Extracted data Block Start

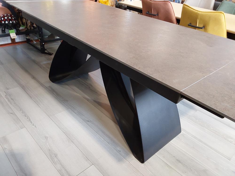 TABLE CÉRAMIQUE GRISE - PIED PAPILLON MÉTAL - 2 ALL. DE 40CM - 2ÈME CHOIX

Extracted data Block End
Extracted data Block Start

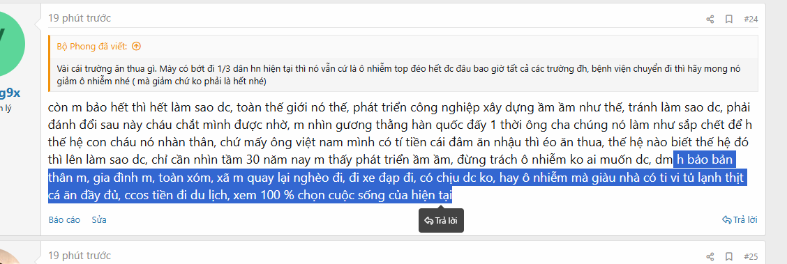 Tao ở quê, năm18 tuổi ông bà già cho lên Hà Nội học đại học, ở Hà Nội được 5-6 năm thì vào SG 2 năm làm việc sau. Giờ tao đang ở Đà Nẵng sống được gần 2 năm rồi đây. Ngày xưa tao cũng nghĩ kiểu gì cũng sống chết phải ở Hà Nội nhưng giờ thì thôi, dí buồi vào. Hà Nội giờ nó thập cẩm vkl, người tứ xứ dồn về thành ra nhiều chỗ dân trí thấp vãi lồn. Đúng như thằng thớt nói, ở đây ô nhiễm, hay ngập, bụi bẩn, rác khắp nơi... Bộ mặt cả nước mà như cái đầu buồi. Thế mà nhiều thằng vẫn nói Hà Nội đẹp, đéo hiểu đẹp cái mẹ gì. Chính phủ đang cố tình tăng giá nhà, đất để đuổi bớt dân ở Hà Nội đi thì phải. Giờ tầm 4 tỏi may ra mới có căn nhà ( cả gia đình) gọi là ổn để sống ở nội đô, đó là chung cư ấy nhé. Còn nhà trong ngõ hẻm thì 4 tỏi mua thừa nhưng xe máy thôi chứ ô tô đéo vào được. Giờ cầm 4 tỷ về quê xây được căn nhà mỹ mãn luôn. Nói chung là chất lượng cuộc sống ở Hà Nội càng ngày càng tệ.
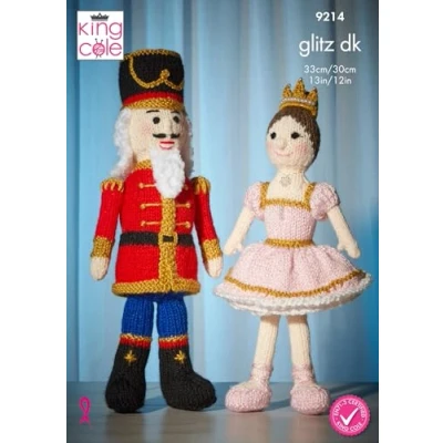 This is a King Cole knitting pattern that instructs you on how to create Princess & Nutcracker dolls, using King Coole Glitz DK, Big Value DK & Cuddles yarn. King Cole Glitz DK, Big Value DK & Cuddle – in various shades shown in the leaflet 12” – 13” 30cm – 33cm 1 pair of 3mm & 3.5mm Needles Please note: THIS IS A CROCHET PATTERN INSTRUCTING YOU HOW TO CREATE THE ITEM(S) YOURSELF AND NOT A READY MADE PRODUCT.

Extracted data Block End

= Task brief =
Starting at the line above that contains "Tao ở quê, năm18", transcribe every line exactly through the line that contains "This is a King", including that last one, and skip the pictures.

= Expected answer =
 Tao ở quê, năm18 tuổi ông bà già cho lên Hà Nội học đại học, ở Hà Nội được 5-6 năm thì vào SG 2 năm làm việc sau. Giờ tao đang ở Đà Nẵng sống được gần 2 năm rồi đây. Ngày xưa tao cũng nghĩ kiểu gì cũng sống chết phải ở Hà Nội nhưng giờ thì thôi, dí buồi vào. Hà Nội giờ nó thập cẩm vkl, người tứ xứ dồn về thành ra nhiều chỗ dân trí thấp vãi lồn. Đúng như thằng thớt nói, ở đây ô nhiễm, hay ngập, bụi bẩn, rác khắp nơi... Bộ mặt cả nước mà như cái đầu buồi. Thế mà nhiều thằng vẫn nói Hà Nội đẹp, đéo hiểu đẹp cái mẹ gì. Chính phủ đang cố tình tăng giá nhà, đất để đuổi bớt dân ở Hà Nội đi thì phải. Giờ tầm 4 tỏi may ra mới có căn nhà ( cả gia đình) gọi là ổn để sống ở nội đô, đó là chung cư ấy nhé. Còn nhà trong ngõ hẻm thì 4 tỏi mua thừa nhưng xe máy thôi chứ ô tô đéo vào được. Giờ cầm 4 tỷ về quê xây được căn nhà mỹ mãn luôn. Nói chung là chất lượng cuộc sống ở Hà Nội càng ngày càng tệ.
 This is a King Cole knitting pattern that instructs you on how to create Princess & Nutcracker dolls, using King Coole Glitz DK, Big Value DK & Cuddles yarn. King Cole Glitz DK, Big Value DK & Cuddle – in various shades shown in the leaflet 12” – 13” 30cm – 33cm 1 pair of 3mm & 3.5mm Needles Please note: THIS IS A CROCHET PATTERN INSTRUCTING YOU HOW TO CREATE THE ITEM(S) YOURSELF AND NOT A READY MADE PRODUCT.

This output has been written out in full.